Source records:
□ □ □
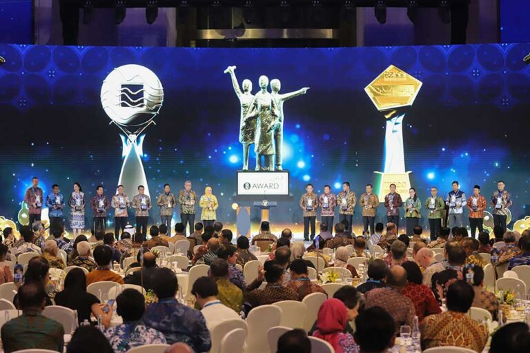 Para penerima penghargaan TPID Award, Championship TP2DD dan BI Awards 2025 kepada mitra strategis dalam Pertemuan Tahunan Bank Indonesia (PTBI) 2025 dengan tema “Tangguh dan Mandiri : Sinergi Mendorong Pertumbuhan Ekonomi Lebih Tinggi dan Berdaya Tahan” di Jakarta, Jumat (28/11/2025). PTBI 2025 merupakan forum strategis untuk menyampaikan pandangan Bank Indonesia mengenai kondisi perekonomian terkini, tantangan, prospek, dan arah bauran kebijakan Bank Indonesia. Foto/RoniMawardi/BUMNTRACK
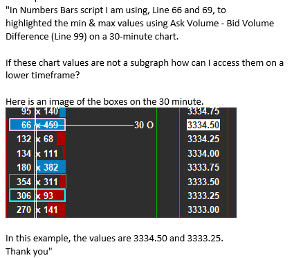 Also refer to: ACSIL Programming Concepts: Accessing Volume at Price Data Per Bar Sierra Chart Support - Engineering Level Your definitive source for support. Other responses are from users. Try to keep your questions brief and to the point. Be aware of support policy: https://www.sierrachart.com/index.php?l=PostingInformation.php#GeneralInformation For the most reliable, advanced, and zero cost futures order routing, *change* to the Teton service: Sierra Chart Teton Futures Order Routing |
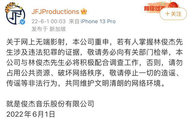 對此,6 月 1 日凌晨,林俊傑公司發聲明回應:" 若有人掌握林俊傑先生涉及違法犯罪的證據,敬請務必向有關部門檢舉,本公司與林俊傑先生必將積極配合調查工作。"
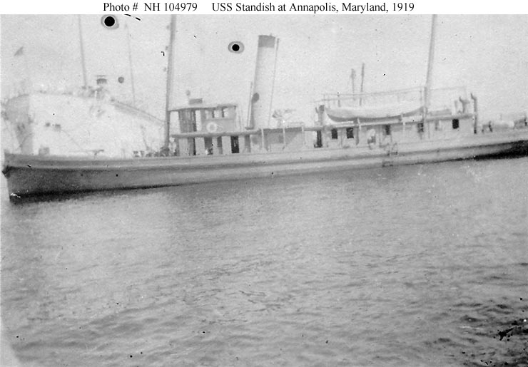 109k | Standish moored pierside at New York Navy Yard, 14 April 1906. She served at the Naval Academy between 1880 and 1919 and was probably at New York for maintenance. US Naval History and Heritage Command, Photo No. NH 43687. |
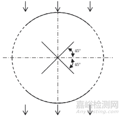 實(shí)際工作中不能將圓形缺陷槽的“端點(diǎn)切線法”用于檢測靈敏度的驗(yàn)證,也就不能用于兩次相互垂直磁化工藝中偏離磁化方向45°角朝向上檢測靈敏度的驗(yàn)證。
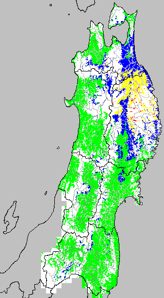 冷却量は((日平均気温−20℃)の積算値)で得られる指標である。この値が負でかつ数値が大きいほど低温の程度が大きくなり、低温被害が大きくなると推定される。この気温指標は前7日間の移動平均値を基に変換して示す。
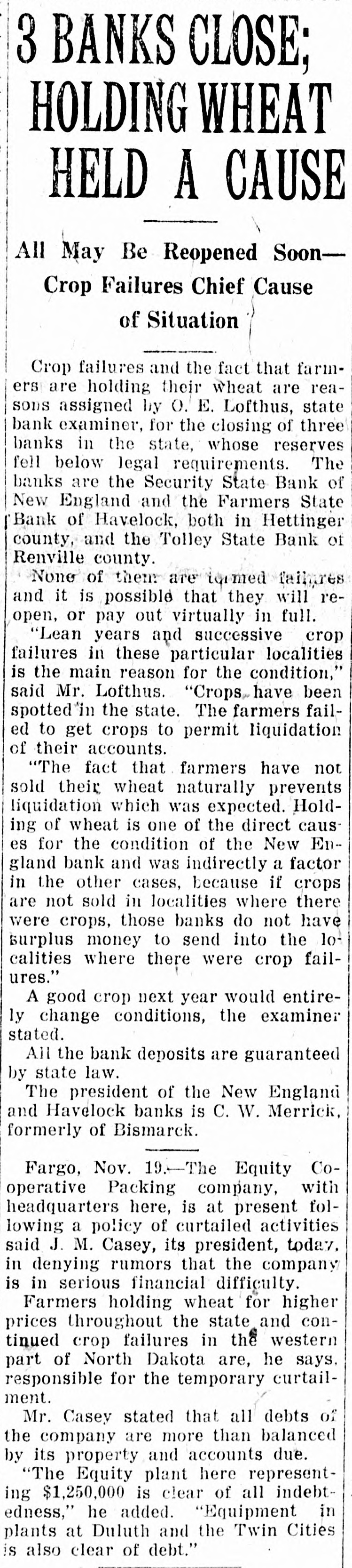 3 BANKS CLOSE; HOLDING WHEAT HELD A CAUSE All May Be Reopened SoonCrop Failures Chief Cause of Situation Crop failures and the fact that farmers are holding their wheat are reasons assigned by O. E. Lofthus, state bank examiner, for the closing of three banks in the state, whose reserves fell below legal requirements. The banks are the Security State Bank of New England and the Farmers State Bank of Havelock, both in Hettinger county, and the Tolley State Bank of Renville county. None of them are and it is possible that they will reopen, or pay out virtually in full. "Lean years and successive crop failures in these particular localities is the main reason for the condition," said Mr. Lofthus. "Crops have been spotted 'in the state. The farmers failed to get crops to permit liquidation of their accounts. "The fact that farmers have not sold their wheat naturally prevents liquidation which was expected. Holding of wheat is one of the direct causes for the condition of the New England bank and was indirectly a factor in the other cases, because if crops are not sold in localities where there were crops, those banks do not have surplus money to send into the lo calities where there were crop failures." A good crop next year would entirely change conditions, the examiner stated. All the bank deposits are guaranteed by state law. The president of the New England and Havelock banks is C. W. Merrick, formerly of Bismarck. Fargo, Nov. 19.-The Equity Cooperative Packing company, with headquarters here, is at present following a policy of curtailed activities said J. M. Casey, its president, today. in denying rumors that the company is in serious financial difficulty. Farmers holding wheat for higher prices throughout the state and continued crop failures in the western part of North Dakota are, he says. responsible for the temporary curtailment. Mr. Casey stated that all debts of the company are more than balanced by its property and accounts due. "The Equity plant here representing $1,250,000 is clear of all indebtedness," he added. "Equipment in plants at Duluth and the Twin Cities is also clear of debt."
□ □ □
> Brief
Each line from the first line of the data above through the one containing "冷却量は((日平均気温−20" must be set down exactly; the pictures must not be.

> Response to this exercise
 Para penerima penghargaan TPID Award, Championship TP2DD dan BI Awards 2025 kepada mitra strategis dalam Pertemuan Tahunan Bank Indonesia (PTBI) 2025 dengan tema “Tangguh dan Mandiri : Sinergi Mendorong Pertumbuhan Ekonomi Lebih Tinggi dan Berdaya Tahan” di Jakarta, Jumat (28/11/2025). PTBI 2025 merupakan forum strategis untuk menyampaikan pandangan Bank Indonesia mengenai kondisi perekonomian terkini, tantangan, prospek, dan arah bauran kebijakan Bank Indonesia. Foto/RoniMawardi/BUMNTRACK
 Also refer to: ACSIL Programming Concepts: Accessing Volume at Price Data Per Bar Sierra Chart Support - Engineering Level Your definitive source for support. Other responses are from users. Try to keep your questions brief and to the point. Be aware of support policy: https://www.sierrachart.com/index.php?l=PostingInformation.php#GeneralInformation For the most reliable, advanced, and zero cost futures order routing, *change* to the Teton service: Sierra Chart Teton Futures Order Routing |
 對此,6 月 1 日凌晨,林俊傑公司發聲明回應:" 若有人掌握林俊傑先生涉及違法犯罪的證據,敬請務必向有關部門檢舉,本公司與林俊傑先生必將積極配合調查工作。"
 109k | Standish moored pierside at New York Navy Yard, 14 April 1906. She served at the Naval Academy between 1880 and 1919 and was probably at New York for maintenance. US Naval History and Heritage Command, Photo No. NH 43687. |
 實(shí)際工作中不能將圓形缺陷槽的“端點(diǎn)切線法”用于檢測靈敏度的驗(yàn)證,也就不能用于兩次相互垂直磁化工藝中偏離磁化方向45°角朝向上檢測靈敏度的驗(yàn)證。
 冷却量は((日平均気温−20℃)の積算値)で得られる指標である。この値が負でかつ数値が大きいほど低温の程度が大きくなり、低温被害が大きくなると推定される。この気温指標は前7日間の移動平均値を基に変換して示す。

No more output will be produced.